Litigation began in September of 2016, when former University of Southern California (USC) linebacker Lamar Dawson filed a putative class action lawsuit. The Complaint alleges violations against both the NCAA and Pac-12 Conference. Dawson alleges that his rights in the Fair Labor Standards Act and other California labor laws have been violated because of his failure to receive pay for hours worked and overtime compensation. Precedent has delineated that the Court does not consider student-athletes to be employees. The United States Court of Appeals for the Seventh Circuit issued a decision which affirmed a District Court’s decision and dismissed a student-athlete’s complaint by specifically stating that these students “do not have any real expectation of earning an income” and that “student-athletic “play” is not “work,” at least as the term is used in the FLSA.” Dawson’s claiming that his case is different, because as opposed to several other tried cases which included non-profitable sports, USC football is highly profitable. Further, Dawson has stated that USC simply would not profit “if it were not for the on-the-field efforts of the players.” There is little debate on the time and sacrificial efforts made by student-athletes. The question still stands, however, if they can be deemed employees.

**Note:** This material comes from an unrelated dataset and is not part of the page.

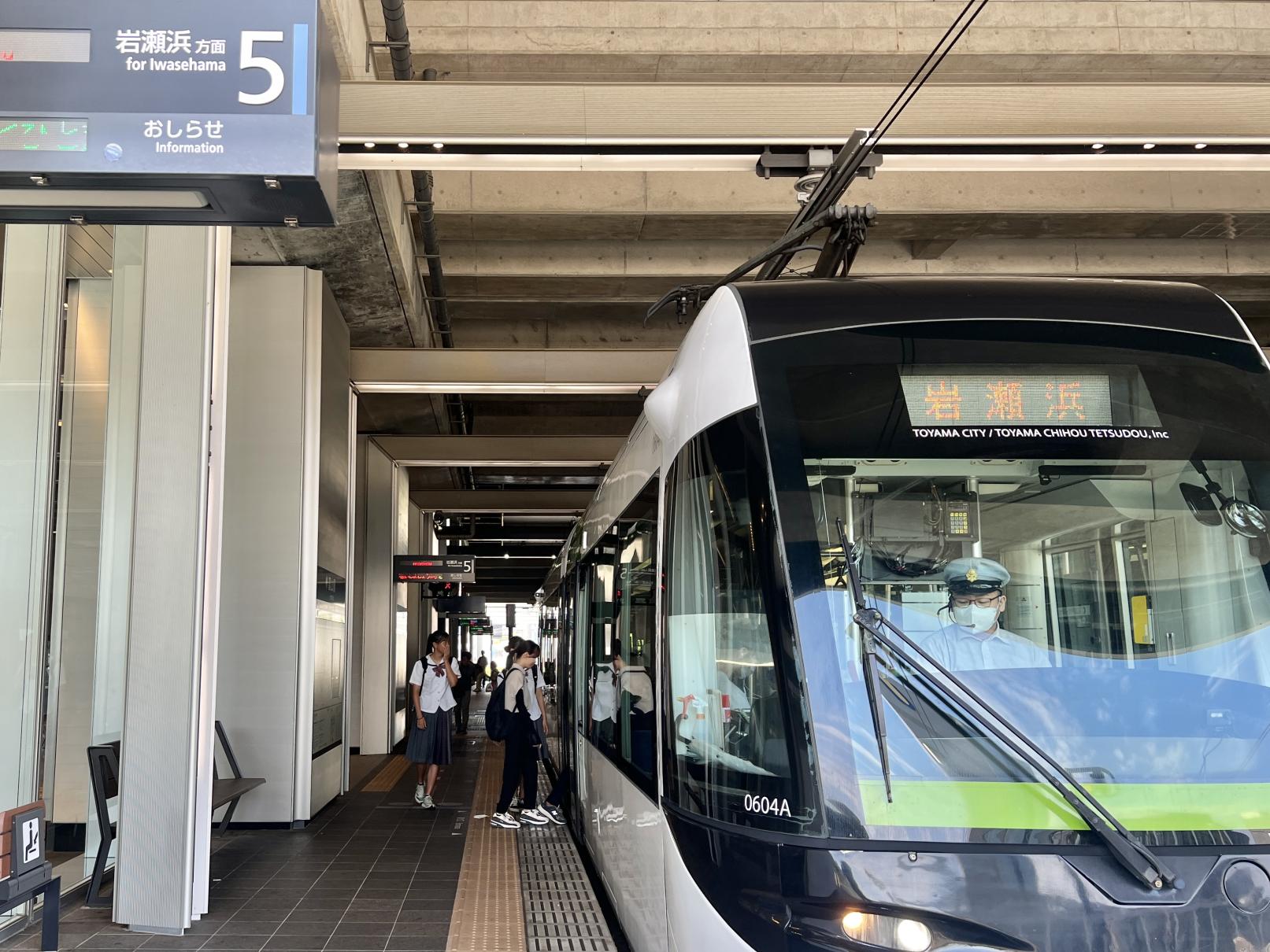 まずは市内電車 富山港線に乗り、終点の岩瀬浜駅まで行きます。

Counsel for the NCAA has called into question Dawson’s assertion of being tried differently solely because of revenue generated by USC Football by stating that “there is no case law holding the FLSA coverage turns on the amount of money an activity generates.” Further, an NCAA study shows that a significant number of Division One Football teams do not generate revenue, and in fact expenses exceed generated revenue. This may provide evidence that these programs do not exist solely to make profit. Language from Chapter 10 of the Department of Labor Handbook states that “activities of students in such programs (intercollegiate athletics), conducted primarily for the benefit of the participants, are not work.” The Handbook goes on to further state “Under the FLSA, they do not result in an employer-employee relationship between the student and the school.” Contrasted with Dawson’s attorney’s argument, “Players whose work allows the NCAA to earn hundreds of millions of dollars in revenue are employees,” show that there is clearly conflicted ideology on student-athlete eligibility as employees.

Precedent has shown that athletes claiming to be employees, and claiming employee rights, have faced roadblocks. Dawson’s argument might not be enough to conclusively determine specific student-athletes as employees, since research has shown profits are not highly lucrative for many Division One programs. Further, it seems that Dawson must also distinguish himself from other cases on the grounds that his particular collegiate career took place at a highly profitable football program. Should he be tried differently on these grounds? Hopefully the popularity of March Madness and other NCAA tournaments will continue to bring attention to this debate.